I recently purchased a Toshiba HDTV. I am currently running it with a Dish DVR 522. The 522 is in single mode on the one tv. 

I would really like to get some HD content, but my wife really wants to keep the dual tuner DVR. There is no way I can purchase the 942 as it costs more than the tv.

Is it possible to have the 522 and an 811 connected to the same television? The inputs on the TV are not a problem as there are an HDMI, 2 component, s-video, composite, and coax connection.

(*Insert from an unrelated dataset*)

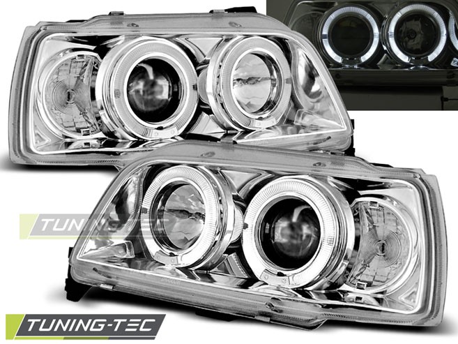Cena za 2ks – pár. Přední světla, okořeněna o takzvané andělské kroužky, svítící okolo parabol a sloužící jako parkovací světlo. Efekt rozsvícených očí. Vše plně homologováno pro provoz na veřejných komunikacích. Dopřejte svému vozu neobyčejný nový design pouhým přehozením za seriové světla. Manuální naklápění světel. 2 x svítící kroužek v každém světle. Žárovky H1 + H1 v ceně. Parkovací = kroužky. Blinkr - 21W.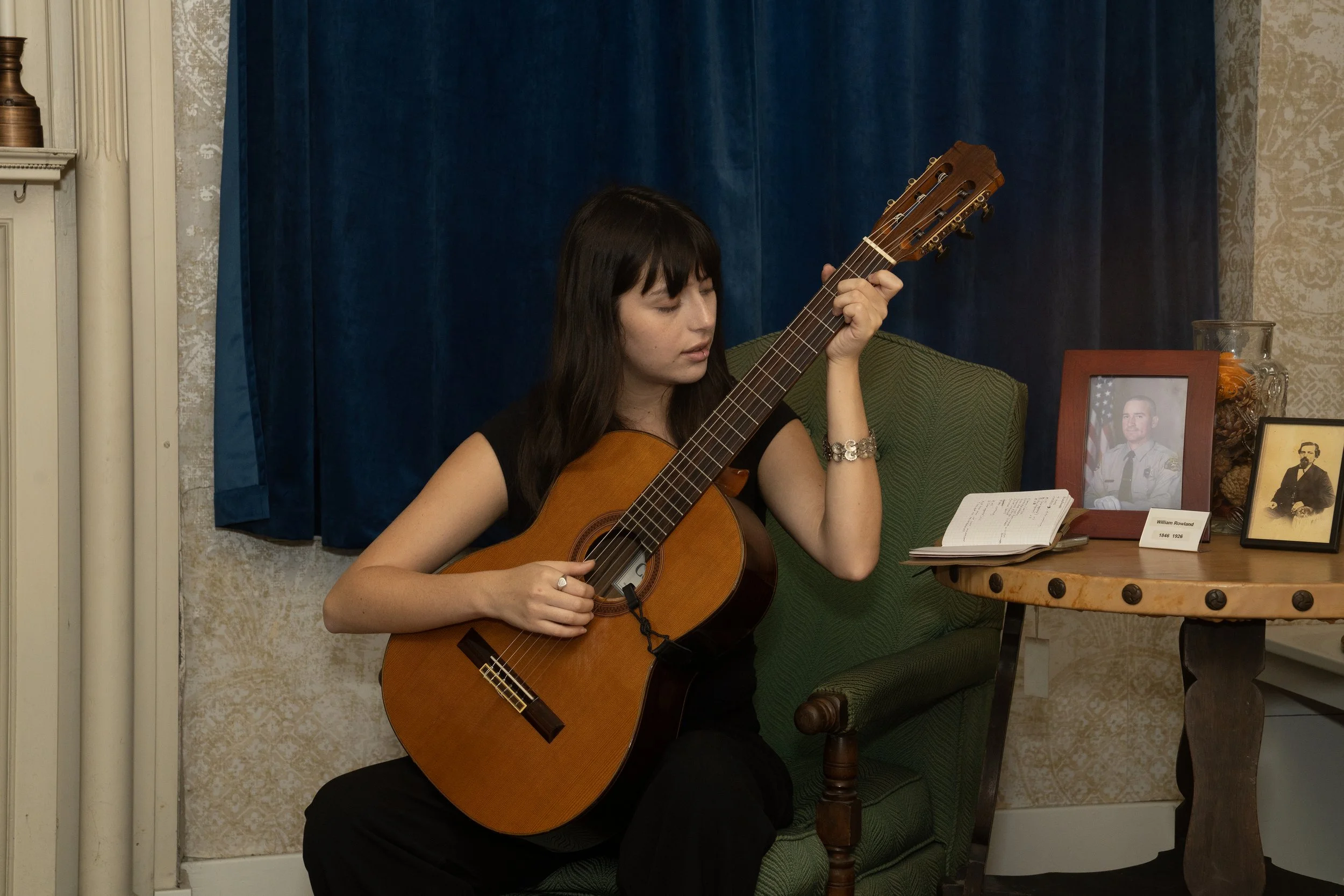 Victoria Marks’ Las Cosiendas is a research-driven movement work that animates and unsettles the Rowland Mansion’s histories. Named for La Cosienda Club, where women gathered to sew and socialize between 1914 and 1964 in La Puente, the performance draws from archival photographs and the oral histories of members of the La Puente Women’s Club whose matrilineal lineages weave together Kizh, Spanish, Mexican, and Californian histories. Working closely with several club members, Marks creates “choreo-portraits” that unfold throughout the mansion’s first floor, challenging traditional portraiture and complicating settler legacies. In her choreography, sewing becomes a metaphor for mending, repairing, and connecting across generations, while music functions as both a score and a vessel for remembrance, carrying ancestral names into the present. The performers replace the lyrics of the traditional song La Bruja with a litany of their mothers’, grandmothers’, and great-grandmothers’ names, accompanied by a live adaptation. This act of vocal testimony transforms the performance into a living archive, foregrounding the Indigenous and women’s labor that are often left out of official narratives, and acknowledging their essential role in sustaining the mansion and its histories.

I was just wondering on the reciever side of things.


----------



## lifterguy (Dec 22, 2003)

Yes. What your are describing is the exact same set-up I have now. Of course you will need another feed from your dish for the 811. This may require a different switch (depending on your current setup.) My system was installed earlier this year - It's a Dish Pro Plus setup, with 2 lines coming down from the dish. Inside the house, a diplexer splits one line into 2 feeds for the 522, and the other line goes into the 811. The remote for the 811 is an RF remote, and will need to be set to a different remote code than the remote code on the 2nd tv remote for the 522 (if you use that remote.)
One word of warning - since you are already used to the DVR features of the 522, you will greatly miss them everytime you switch over to the 811 (I know I do.) You will also face the frustation of wanting to watch as much as possible in HD, but finding that you miss some HD programs you want to see because you aren't there to watch them "live", and there is no way to time shift them without recording the show in an inferior SD format.


----------



## chuckflarhu (Oct 27, 2005)

Yeah, I thought that was how it would be. Plus, would dish be willing to come out and install it that way? I don't think I have the ability to put in a switch and run lines. 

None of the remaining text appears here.